Explanation: The function defines a sequential model. It starts with an input layer, followed by two convolutional blocks, each containing a Conv2D and MaxPooling2D layer. These are designed to extract features from the image. Then, a Flatten layer converts the 2D feature maps into a 1D vector. This vector is fed into a dense layer for further processing, and finally, a dense output layer with softmax activation predicts the probability distribution over the 10 classes. The model is compiled with the Adam optimizer, categorical crossentropy loss, and accuracy metric.

Example 2: A Slightly Deeper CNN

# Assuming TensorFlow/Keras is used

from tensorflow import keras
from tensorflow.keras import layers

def build_deeper_cnn(input_shape=(64, 64, 1), num_classes=5):
    model = keras.Sequential([
        keras.Input(shape=input_shape),

        layers.Conv2D(filters=16, kernel_size=(5, 5), activation="relu"),
        layers.MaxPooling2D(pool_size=(2, 2)),

        layers.Conv2D(filters=32, kernel_size=(3, 3), activation="relu", padding="same"),
        layers.MaxPooling2D(pool_size=(2, 2)),

        layers.Conv2D(filters=64, kernel_size=(3, 3), activation="relu"),
        layers.MaxPooling2D(pool_size=(2, 2)),

        layers.Flatten(),
        layers.Dense(units=256, activation="relu"),
        layers.Dropout(0.5), # Added Dropout for regularization
        layers.Dense(units=num_classes, activation="softmax")
    ])

    model.compile(optimizer="adam",
                  loss="categorical_crossentropy",
                  metrics=["accuracy"])

    return model

# --- How to use it ---
# model = build_deeper_cnn(input_shape=(32, 32, 3), num_classes=5)
# model.summary()

Input: input_shape=(64, 64, 1) representing grayscale images of 64x64 pixels. num_classes=5 indicating a 5-class classification problem.

Output: A compiled tensorflow.keras.Model object named model.

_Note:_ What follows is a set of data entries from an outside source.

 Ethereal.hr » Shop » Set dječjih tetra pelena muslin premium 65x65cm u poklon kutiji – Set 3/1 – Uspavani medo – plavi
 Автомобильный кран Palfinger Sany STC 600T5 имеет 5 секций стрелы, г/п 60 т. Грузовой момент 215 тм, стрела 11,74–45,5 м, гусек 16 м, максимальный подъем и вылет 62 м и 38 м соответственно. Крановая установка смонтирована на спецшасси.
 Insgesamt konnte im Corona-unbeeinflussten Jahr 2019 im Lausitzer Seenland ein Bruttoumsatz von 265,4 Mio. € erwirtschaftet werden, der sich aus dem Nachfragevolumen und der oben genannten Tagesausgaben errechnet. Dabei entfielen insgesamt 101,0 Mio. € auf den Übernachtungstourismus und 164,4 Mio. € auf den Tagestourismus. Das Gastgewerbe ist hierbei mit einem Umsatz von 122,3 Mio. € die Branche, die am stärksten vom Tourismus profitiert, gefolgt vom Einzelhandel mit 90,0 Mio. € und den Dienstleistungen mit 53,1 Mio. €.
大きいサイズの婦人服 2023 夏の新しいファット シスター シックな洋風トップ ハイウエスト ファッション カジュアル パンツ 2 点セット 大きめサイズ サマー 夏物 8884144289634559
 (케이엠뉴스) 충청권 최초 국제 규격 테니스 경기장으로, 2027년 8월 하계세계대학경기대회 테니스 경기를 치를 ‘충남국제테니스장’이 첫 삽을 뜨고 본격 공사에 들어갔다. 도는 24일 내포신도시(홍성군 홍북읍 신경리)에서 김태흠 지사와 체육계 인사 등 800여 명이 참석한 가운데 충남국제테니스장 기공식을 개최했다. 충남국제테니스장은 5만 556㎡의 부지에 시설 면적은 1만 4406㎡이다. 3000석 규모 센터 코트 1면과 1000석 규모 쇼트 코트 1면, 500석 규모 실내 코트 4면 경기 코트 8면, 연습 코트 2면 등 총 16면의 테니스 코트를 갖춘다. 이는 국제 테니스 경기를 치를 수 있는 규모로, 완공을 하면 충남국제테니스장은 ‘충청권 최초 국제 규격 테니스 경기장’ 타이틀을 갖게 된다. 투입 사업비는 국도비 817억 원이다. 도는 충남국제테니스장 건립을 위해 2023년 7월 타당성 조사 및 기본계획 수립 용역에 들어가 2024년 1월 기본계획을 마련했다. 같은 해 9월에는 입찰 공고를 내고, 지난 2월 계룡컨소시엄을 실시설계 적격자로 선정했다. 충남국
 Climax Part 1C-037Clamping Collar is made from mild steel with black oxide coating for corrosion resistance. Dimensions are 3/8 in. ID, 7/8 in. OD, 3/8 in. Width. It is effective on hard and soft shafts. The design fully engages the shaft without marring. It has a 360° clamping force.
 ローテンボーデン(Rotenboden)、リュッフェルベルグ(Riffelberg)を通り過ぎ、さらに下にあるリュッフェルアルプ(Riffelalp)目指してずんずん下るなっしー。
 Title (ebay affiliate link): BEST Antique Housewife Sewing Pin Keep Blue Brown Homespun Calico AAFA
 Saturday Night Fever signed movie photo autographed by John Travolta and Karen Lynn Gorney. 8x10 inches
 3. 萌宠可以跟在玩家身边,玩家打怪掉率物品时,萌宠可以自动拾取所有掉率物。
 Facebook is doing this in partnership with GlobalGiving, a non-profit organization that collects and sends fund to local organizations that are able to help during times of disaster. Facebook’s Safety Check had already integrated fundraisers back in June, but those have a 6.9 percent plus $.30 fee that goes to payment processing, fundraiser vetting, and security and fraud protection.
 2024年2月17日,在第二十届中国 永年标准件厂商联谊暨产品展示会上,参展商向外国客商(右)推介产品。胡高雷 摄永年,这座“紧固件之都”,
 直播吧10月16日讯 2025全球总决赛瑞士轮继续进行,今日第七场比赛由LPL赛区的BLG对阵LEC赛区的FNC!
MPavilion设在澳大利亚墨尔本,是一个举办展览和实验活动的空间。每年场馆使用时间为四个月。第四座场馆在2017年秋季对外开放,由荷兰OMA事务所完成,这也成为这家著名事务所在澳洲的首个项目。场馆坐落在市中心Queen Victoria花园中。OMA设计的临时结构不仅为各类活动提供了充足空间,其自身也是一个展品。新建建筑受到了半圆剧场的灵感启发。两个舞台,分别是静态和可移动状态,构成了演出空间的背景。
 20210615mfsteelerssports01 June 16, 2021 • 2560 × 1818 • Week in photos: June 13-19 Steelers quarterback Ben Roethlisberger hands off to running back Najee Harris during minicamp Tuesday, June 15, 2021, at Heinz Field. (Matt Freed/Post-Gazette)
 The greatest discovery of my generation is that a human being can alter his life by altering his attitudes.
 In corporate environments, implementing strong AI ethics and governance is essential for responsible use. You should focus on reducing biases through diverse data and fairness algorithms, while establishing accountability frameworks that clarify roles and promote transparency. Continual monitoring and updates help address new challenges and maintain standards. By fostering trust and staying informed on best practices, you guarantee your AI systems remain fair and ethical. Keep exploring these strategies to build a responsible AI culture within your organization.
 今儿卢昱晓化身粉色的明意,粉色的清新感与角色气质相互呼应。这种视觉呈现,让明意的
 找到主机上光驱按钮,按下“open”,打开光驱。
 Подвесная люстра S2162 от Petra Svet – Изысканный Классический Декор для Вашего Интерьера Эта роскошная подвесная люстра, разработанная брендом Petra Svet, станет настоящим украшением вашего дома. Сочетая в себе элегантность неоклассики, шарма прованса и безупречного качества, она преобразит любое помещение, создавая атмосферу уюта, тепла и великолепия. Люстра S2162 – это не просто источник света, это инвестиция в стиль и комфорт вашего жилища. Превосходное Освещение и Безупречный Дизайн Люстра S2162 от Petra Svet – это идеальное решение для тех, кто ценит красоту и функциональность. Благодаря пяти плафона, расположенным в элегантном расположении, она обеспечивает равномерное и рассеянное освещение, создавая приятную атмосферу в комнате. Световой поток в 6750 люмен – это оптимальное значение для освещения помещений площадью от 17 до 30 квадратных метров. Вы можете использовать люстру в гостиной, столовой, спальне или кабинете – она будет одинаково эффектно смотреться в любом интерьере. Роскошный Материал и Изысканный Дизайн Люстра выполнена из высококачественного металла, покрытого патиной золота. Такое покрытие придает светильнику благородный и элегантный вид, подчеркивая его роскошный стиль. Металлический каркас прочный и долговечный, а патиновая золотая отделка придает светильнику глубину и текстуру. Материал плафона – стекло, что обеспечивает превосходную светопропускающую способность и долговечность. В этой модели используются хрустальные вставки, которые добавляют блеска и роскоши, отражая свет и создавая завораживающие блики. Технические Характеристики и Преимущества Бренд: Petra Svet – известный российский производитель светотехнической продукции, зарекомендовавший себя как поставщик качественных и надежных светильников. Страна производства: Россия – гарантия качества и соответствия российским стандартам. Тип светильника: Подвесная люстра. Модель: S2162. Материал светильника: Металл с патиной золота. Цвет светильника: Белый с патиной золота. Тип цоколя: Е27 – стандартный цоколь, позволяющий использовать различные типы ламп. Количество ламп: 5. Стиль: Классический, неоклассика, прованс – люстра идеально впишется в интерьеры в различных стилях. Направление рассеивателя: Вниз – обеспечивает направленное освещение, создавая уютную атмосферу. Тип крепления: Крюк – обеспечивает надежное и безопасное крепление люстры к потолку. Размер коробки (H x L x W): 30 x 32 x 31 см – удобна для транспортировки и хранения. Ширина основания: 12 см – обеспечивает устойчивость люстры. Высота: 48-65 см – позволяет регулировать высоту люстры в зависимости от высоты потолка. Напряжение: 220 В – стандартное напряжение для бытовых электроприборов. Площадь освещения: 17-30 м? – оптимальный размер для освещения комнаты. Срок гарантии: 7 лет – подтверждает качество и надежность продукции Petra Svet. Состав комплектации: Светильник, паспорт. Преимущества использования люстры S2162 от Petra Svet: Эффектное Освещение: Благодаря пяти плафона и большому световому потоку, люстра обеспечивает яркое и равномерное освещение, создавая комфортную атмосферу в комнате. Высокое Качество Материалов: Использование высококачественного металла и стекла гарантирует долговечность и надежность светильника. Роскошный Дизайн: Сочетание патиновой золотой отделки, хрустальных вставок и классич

Explanation: This example shows a slightly deeper network with three convolutional blocks. It also introduces a Dropout layer after the dense layer to help prevent overfitting. The input shape is set for grayscale images, and the number of output classes is adjusted accordingly.

Constraints

Framework: You must use either TensorFlow/Keras or PyTorch.
Layer Types: Your architecture must include Conv2D (or equivalent) and MaxPooling2D (or equivalent) layers.
Output Layer: The final layer must be a Dense layer with a softmax activation function for multi-class classification.
Compilation: The model must be successfully compiled with an optimizer, a loss function, and at least one metric.
Function Signature: Your solution should be encapsulated within a function that accepts input_shape and num_classes as arguments and returns the compiled model. For example: def build_cnn_model(input_shape: tuple, num_classes: int) -> Model:. (The exact return type hint will depend on the framework).
No Pre-trained Models: You are expected to build the architecture from scratch, not load pre-trained weights.

Notes

Consider the trade-off between network depth and complexity. Deeper networks can learn more complex features but are prone to overfitting and require more computational resources.
Experiment with different kernel sizes, filter counts, and pooling strategies to see how they affect the model's structure.
The choice of optimizer and loss function is crucial for effective training. For this challenge, "adam" and "categorical_crossentropy" are good starting points for multi-class problems.
Understanding the shape transformations that occur after each layer (convolution, pooling, flattening) is key to designing a valid CNN.
The input_shape will typically be (height, width, channels). For grayscale images, channels is 1. For RGB images, channels is 3.
The num_classes parameter dictates the number of neurons in the final output layer.